I just installed FreeBSD 8.2 and during the install I selected to add ALL the ports and I watched it go through them during the install. I want to set up the X Window environment so I tried to follow the instructions in the manual. I logged in as root and typed;:
[cmd=]cd /usr/ports/x11/XFree86[/cmd]

I got an error that the directory does not exist. If I *cd* to /usr/ports and do a *ls* I see all kinds of directories, many of them x11 related.

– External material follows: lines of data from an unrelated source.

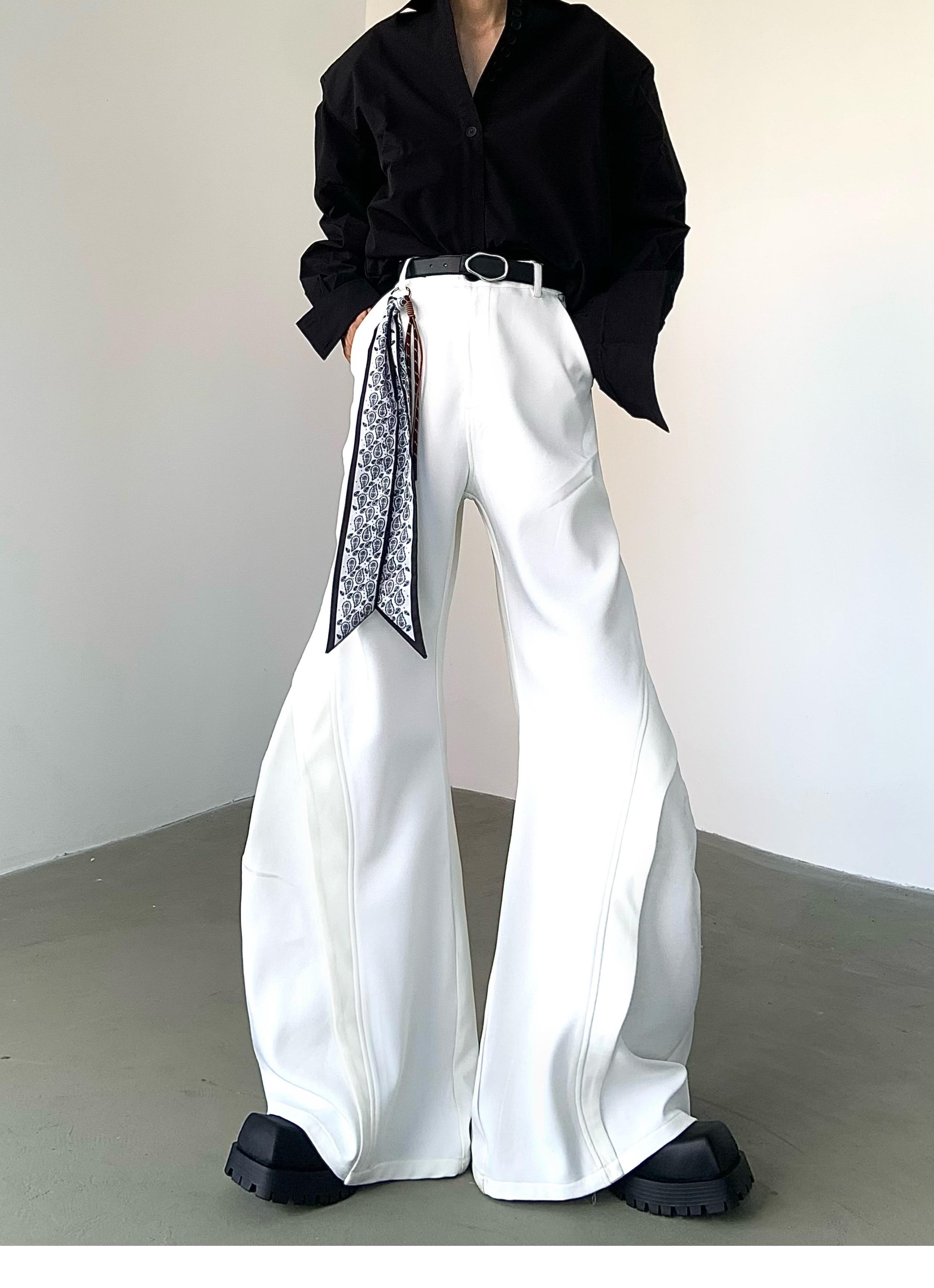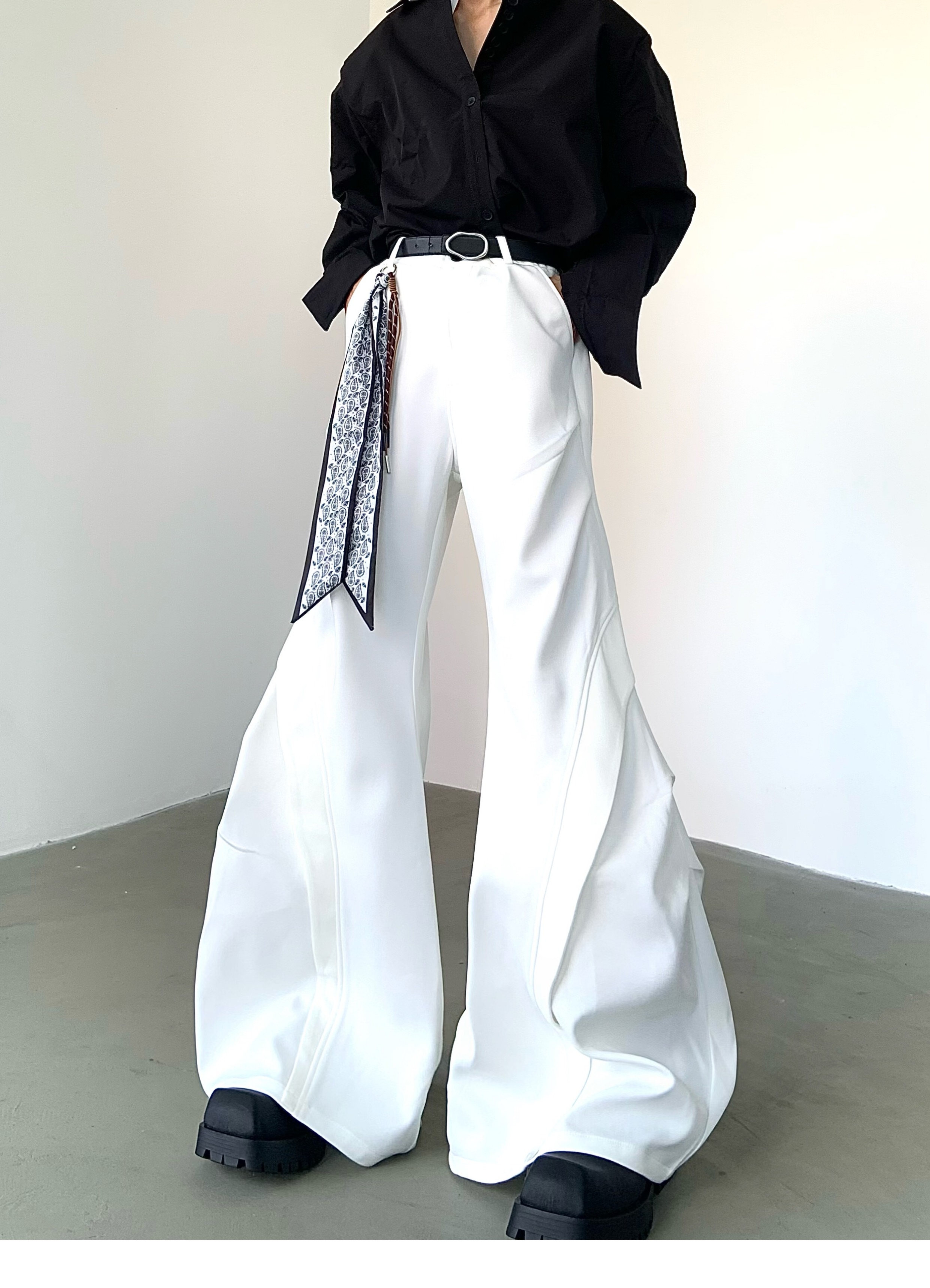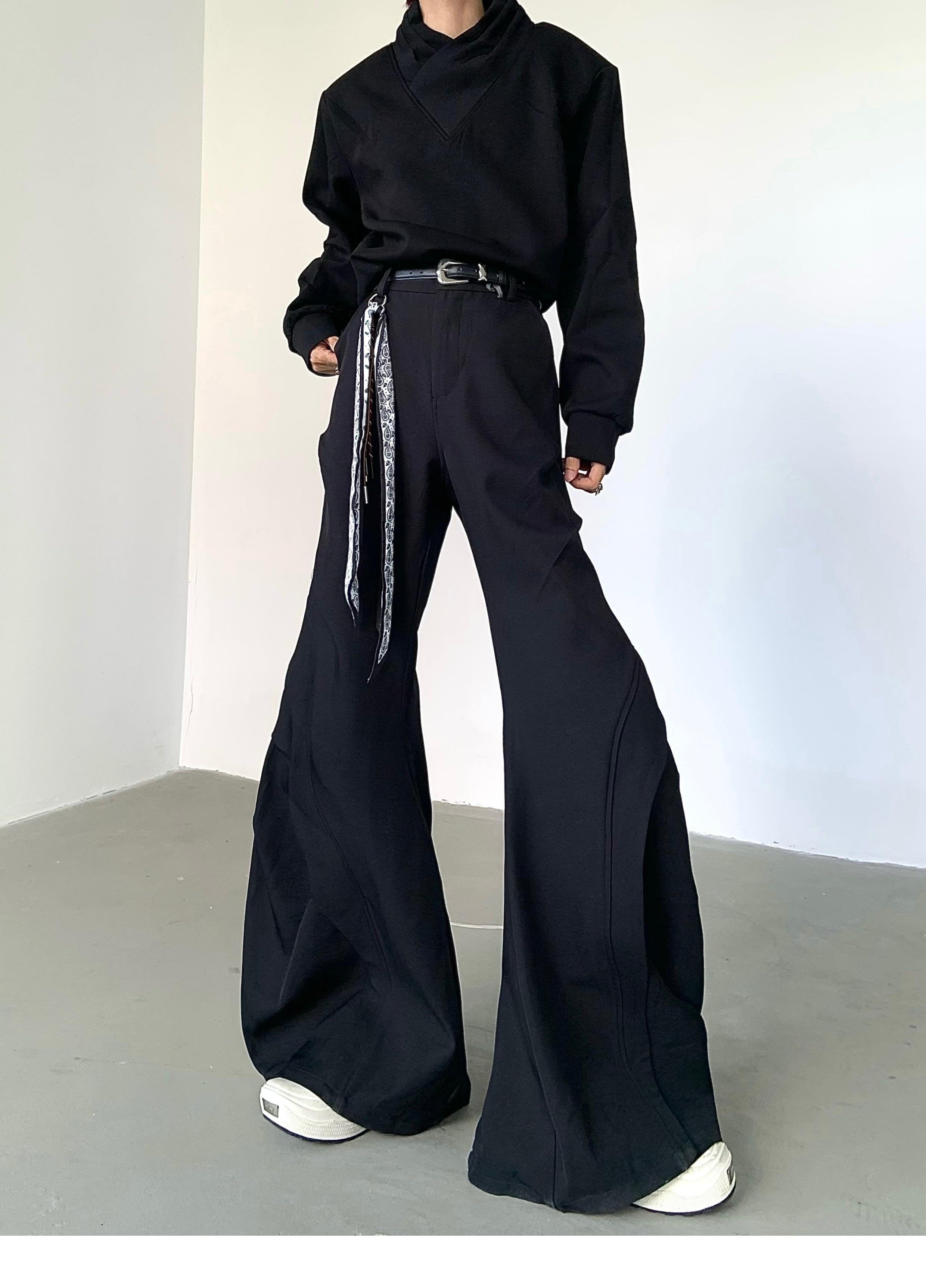 Hany Original Niche Deconstructed Heavy-Duty Pleated Large Flared Micro-Flared Dress Pants for Men with a High-End Feel, Loose and Floor-Length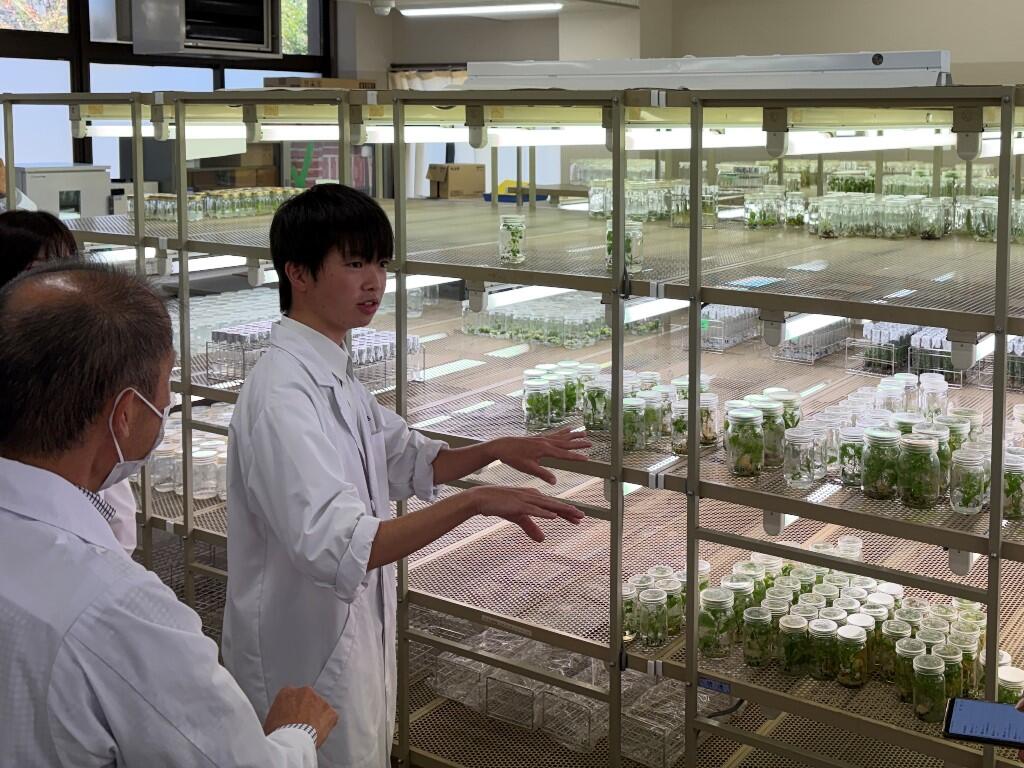 現在、花博に向けて組織培養での苗の増殖や栽培場所の様子、またMAPによる栽培試験の様子をご覧いただき、花の選定や、開花時期の確認など御助言をいただきました。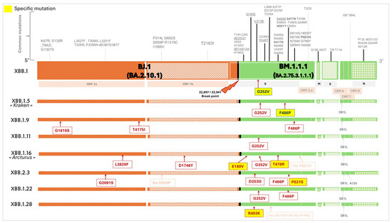 Schematic overview of the genomic structure and characteristic mutations of major Omicron XBB lineages identified in Tunisia. The top panel shows the genome organization of XBB.1 with annotated ORFs. It illustrates its origin from BJ.1 (orange stripes) and BM.1.1.1 (green checks), with a breakpoint at position 22,887–22,941 in the spike gene. The bottom panels show XBB.1 derivatives. Common mutations are shown in gray, lineage-defining mutations are highlighted in yellow, additional mutations are annotated in red, and absence of mutation is indicated in pink. Data from GISAID [16] and outbreak info (https://outbreak.info/) (accessed on 25 March 2025).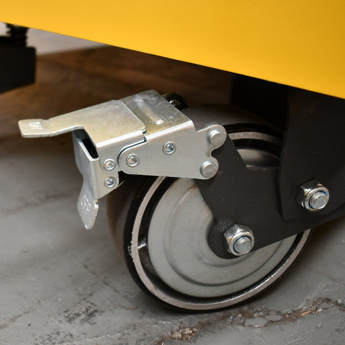 - 5” high and 2” wide caster wheels (2 fixed, 4 locking swivel) provide easy mobility when fully loaded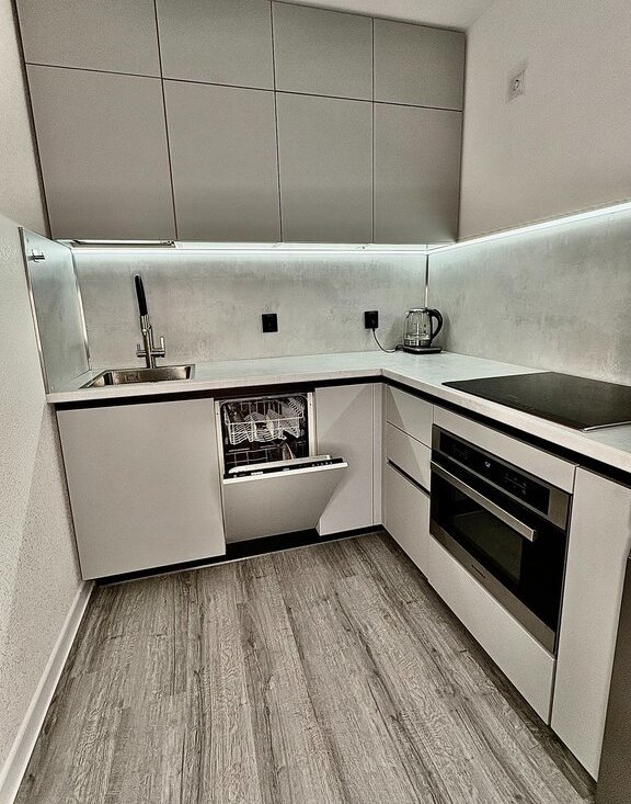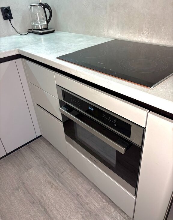 кухонный гарнитур собрали в новакухни, подвесное хранение 4 основные и 4 верхние ящика, открываются зацепом и нажатием на амортизаторе соответственно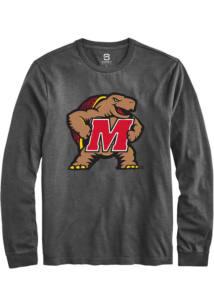 Show off your team pride in this Maryland Terrapins Charcoal Alt Logo Long Sleeve T Shirt! This Maryland Long Sleeve Tee features a digitally printed graphic. Make sure everyone knows you root for the Terrapins with this Charcoal Maryland T Shirt. Go Terps!

But I don't see any XFree86 item.

What am I doing wrong?

:OOO


----------



## adamk (Apr 8, 2011)

You're trying to use XFree86.  That's what you're doing wrong.

Xorg is what you want.

http://www.freebsd.org/doc/en_US.ISO8859-1/books/handbook/x-install.html

Edit: BTW, what manual told you to use /usr/ports/x11/XFree86?


----------



## davidaking (Apr 9, 2011)

*X Windows*

The handbook I am using is the one sold through the FreeBSD Mall titled:

The Free BSB HANDBOOK 3rd Edition / Volume 1: User Guide.
ISBN:1-57176-327-9  pg. 146.

Thanks, I'll give that a try.

*Dave*


----------



## wblock@ (Apr 9, 2011)

davidaking said:
			
		

> The handbook I am using is the one sold through the FREEBSD MALL titled;
> The Free BSB HANDBOOK 3rd Edition / Volume 1: User Guide.
> ISBN:1-57176-327-9  pg. 146.



That's from about 2004.  Please check the online version for the most recent methods.


----------